Teamphoto - Brian Griffin at the Gymnasium

I’d been looking forward to the Teamphoto exhibition ever since hearing Brian Griffin mention it at a BJP event last year, but I somehow missed out on the news that it had opened in September, and only stumbled upon it by accident a few days before it closes, as I was killing time waiting for a train at the newly renovated St Pancras station (nice brickwork, shame about the half-mile walk to the tube station).
Griffin was commissioned to document the building of the High Speed 1 rail link to the Channel Tunnel, “the UK’s first high speed railway for over 100 years”. The result is a monumental series of portraits which really lives up to my expectations of it.
I had a great time wondering around and around the show, looking and looking again at all the photos, and it’s one of the few photo exhibitions where I have actually laughed out loud. Griffin’s photos fall roughly into two categories: his portraits of the workers are epic, mainly black & white studio portraits. In a similar manner to much Soviet artwork, they clearly portray the worker as hero. By contrast, the photos of management are very much in the style which Griffin utlised during his many years as photographer for Management Today: the subjects are placed in Kafkaesque scenarios where they seem unsure or unaware of what’s happening to them and what they’re supposed to do. Even more than with the Management Today photos, I was left wondering “how the hell does he get away with it?”
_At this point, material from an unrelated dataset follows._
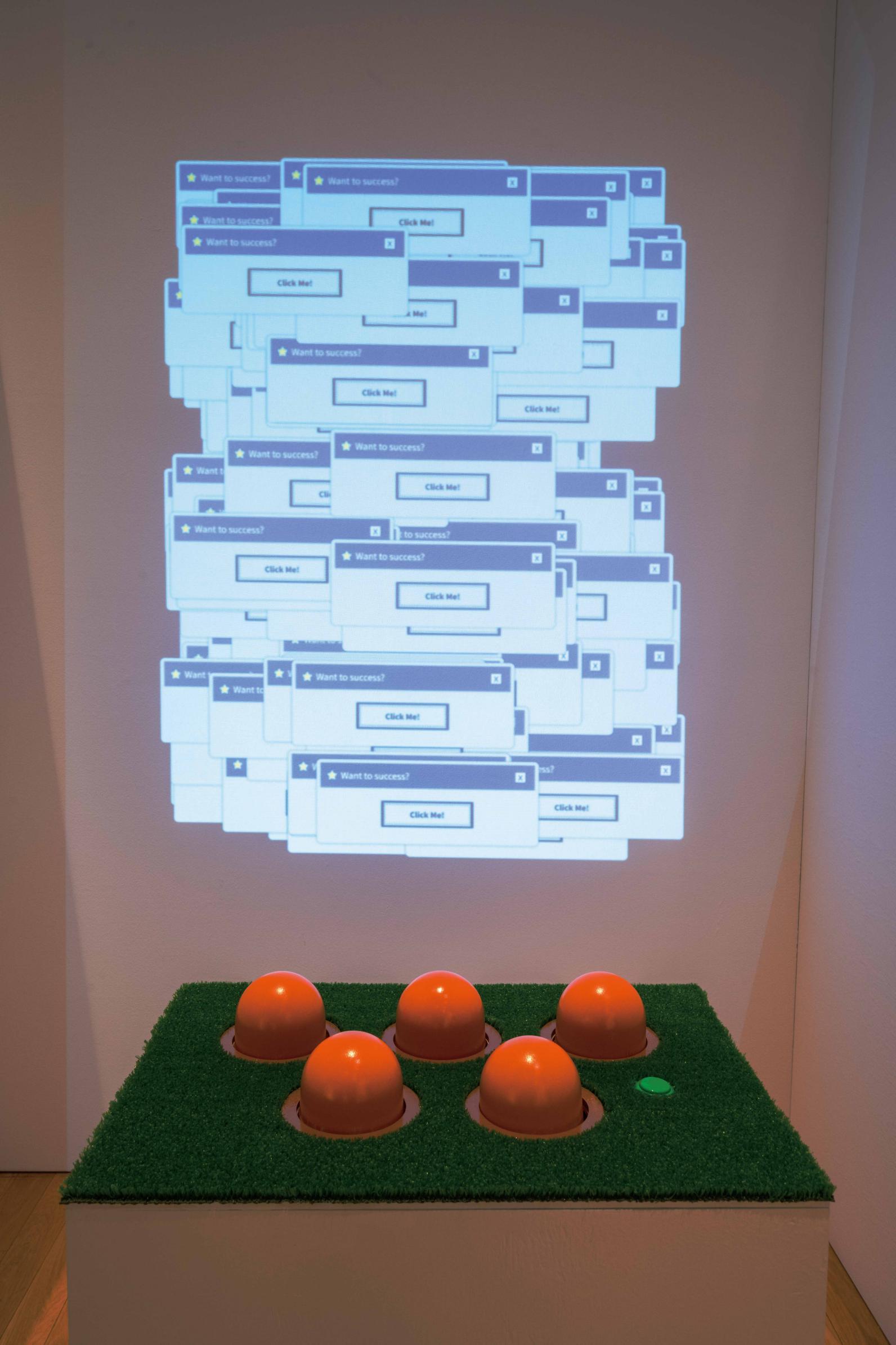 ポップアップ広告をはじめとする日々過剰化になりつつある情報 と、誰もが親しんでいるゲーム機という一見関係のない二つを結 びつけることで、インターネット、情報化と人間との関係性につい
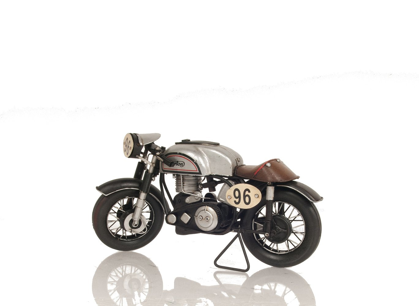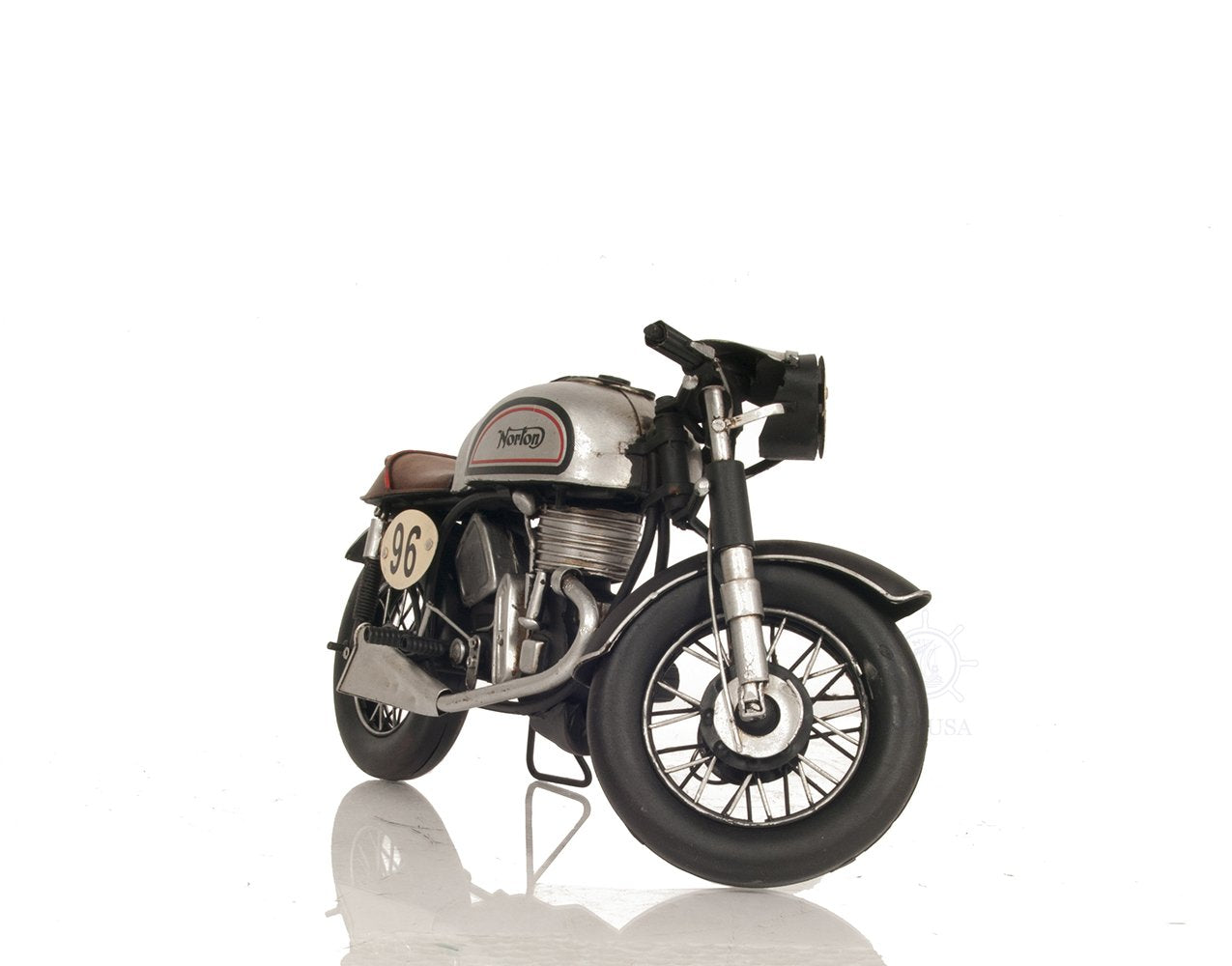 The Norton Manx or Manx Norton is a British racing motorcycle that was made from 1947 to 1962 by Norton Motors Ltd. It had contested every Isle of Man TT race from the inaugural 1907 event through into the 1970s, a feat unrivaled by any other manufacturer, and the development and honing of the Manx racing motorcycle was another step in this racing achievement. Our 1952 Norton Manx model is handcrafted of tin. It is painted silver and has a scale of 1:8. It features intricate details such as mesh wheels, 500cc engine, seat, lightweight frame, exhaust, front and side license plate with number 96, fenders, and a brake lever. Bring home and display this iconic British bike from the height of Norton’s dominance of open road-racing in the 1950s. Beautiful and brutal, the Norton Manx is a true motorcycling legend. A must-have for the collector and enthusiast!

For the rail project’s American project managers, Griffin had reserved an even more bizarre approach: they were captured in what seem to be half-staged, half-candid poses which remind me of nothing quite so much as Twin Peaks. Their American suburban location adds even more to the strange disconnect from anything to do with the UK-Europe rail link.
There were also a few group photos styled as Frans Hals paintings. On their own these seemed a little uninspired, given the frequency with which photographers seem to be ripping off the Old Masters nowadays, but thrown into the melange of strangeness which made up the Teamphoto exhibition, they added a little extra spice.
It’s a very daring move from Griffin’s corporate client, and one which leaves them open to ridicule, but I’m very glad that they’ve apparently allowed him free reign on this project, and I think the results are something of a landmark.
As I was walking around the exhibiton, I overheard one woman saying to another “The only thing I would have done: I would have kept it all black & white, I wouldn’t have had any colour. I think that would have been really powerful”. That made me laugh nearly as much as the photos did.
If you’re in London, get yourself down to the Gymnasium (in between St Pancras and King’s Cross) sharpish: the exhibition ends on 16th November.